Just a COLOUR
- richard5091
- 7 days ago
- 2 min read
Updated: 14 hours ago

Does your brand have a colour?
Is that how it gets spotted in a crowd? And recognised?
How about triggering associations?
All good so far?
Let’s call it an asset then.
One more question. Does the colour mean anything to people?
Or is it, you know, just a colour? A Pantone picked at random?
At this point, any designer reading this will be rolling their eyes. I mean, it’s almost rude.
Let’s take my brand colour as an example, because I know the designer, Jeffrey Steventon.
It’s a kind of blue. With a kind of gradient to it, dark to light. I call it ‘discerning blue’, which may be wishful thinking on my behalf.
In the early days of Closer to Brands we didn’t use it. The idea was to be all about the client’s brand, so it should be their logo on the document covers, in big close-up.
The blue came in with the website and then the start of this blog.

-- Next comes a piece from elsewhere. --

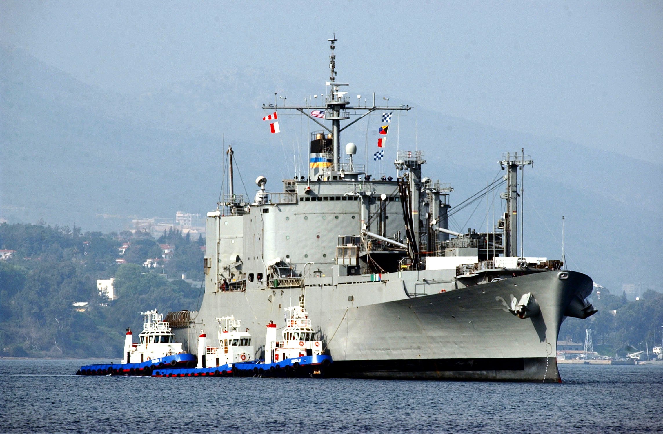 130k | USNS Mount Baker (T-AE-34) is assisted by tugs as she arrives for a routine port visit at Souda Bay, Crete, Greece, 17 March 2004. US Navy photo # 040317-N-0780F-024 by Paul Farley |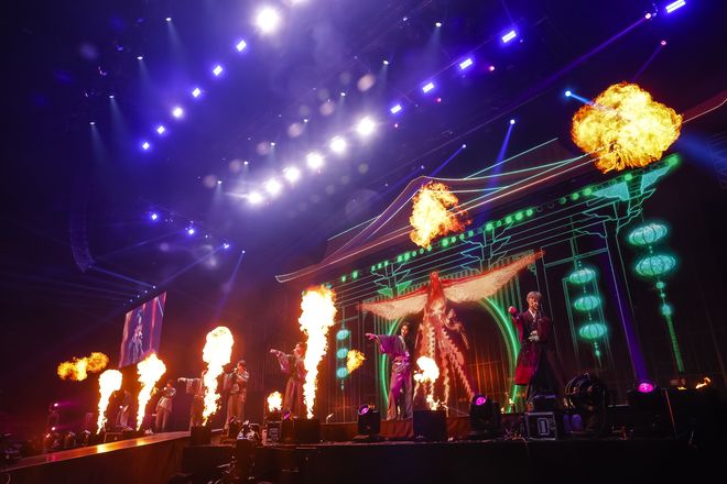 LEDが全面赤に染まり、哲学的な歌詞を載せたピアノロックという彼らの最も代表的な個性を表す「柘榴」では、ダークな映像も交えつつ笑顔を封印。「無限シニシズム」でも社会と自嘲を吐き出すようなボーカルと、シリアスな心象風景を表すようなダンスで、タイトルが表す混沌を表現していく。曲を締めくくった大倉と吉澤のエモーショナルなラップは、続く「Museum:0」でも炸裂。繊細なピアノの音色も仕込んだヘヴィロック曲で時にゾッとするほどエキセントリックな冷笑も浮かべながら、歪んだボーカルと激情にまみれたパフォーマンスで客席に迫り、“何処にもないなら 描いてしまえばいい”と叩きつけて圧倒する。そしてステージ上のトーチに火がともり、ファイヤーボールが噴き上がると、このライブのために和風アレンジされたエレクトロダンス曲「0to1

So I asked Jeffrey how he came to choose that colour. What does it mean?
His answer was to stop asking stupid questions. The point being it’s silly asking about the meaning of one element of a design, unless the design only has one element.
Design works through a combination of shape, size, font, layout, space, image and context. There are also an infinite number of blues. Light is a spectrum.

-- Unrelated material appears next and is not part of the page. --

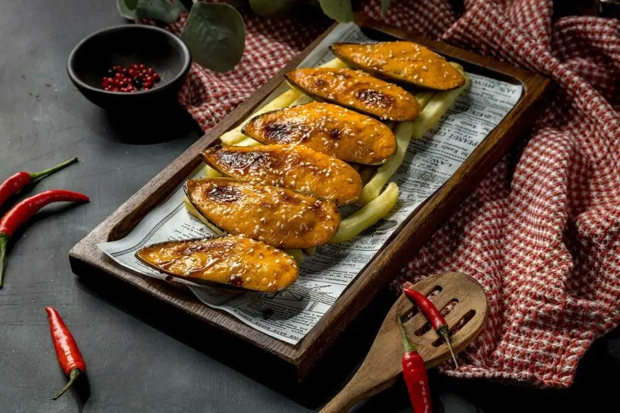Мидии КИВИ, соус том-ям, соус унаги, картофель фри, паприка, кунжут

I didn’t let him off with that.
So his thinking started with the function. The colour needed to be recessive, so it took second place to the client’s brand, and mid-toned, so it could work with both dark and light type as well as negative space.
The gradient gave it a sense of atmosphere and distance, like you’re looking at a place or context.
I kept nagging.
Maybe there was also something in the choice of a single colour. We’ve worked together a lot and he knows I’ll always turn up with a single-minded brief.
And if we were going to pick one colour, it made sense for it to be cool. Thoughtful.
We then got into a conversation about whether the colour gradient made it look a bit like gazing out at the sea and sky. Neither of us had ever mentioned this before, but that’s how we work together. Jeffrey trusts his instincts and I trust my response.
But now I thought about it, I liked that meaning, particularly the sea part. I have a strong motivation to dig deeply into both people and brands, in search of the emotional connection.
Jeffrey saw the sky more, maybe because he’s more concerned with getting somewhere, generally an approved design.
So I’m a diver and he’s a swimmer, but the image works for both of us. We agreed whilst disagreeing. No one’s right.
That’s because the truth is everything’s functional and emotional.
Some people are more rational, some more emotional.
And emotion comes in all sorts of shapes and sizes, which is why you need a map.
But if you want a design that does more than stand out and tell people it’s you, get yourself a designer.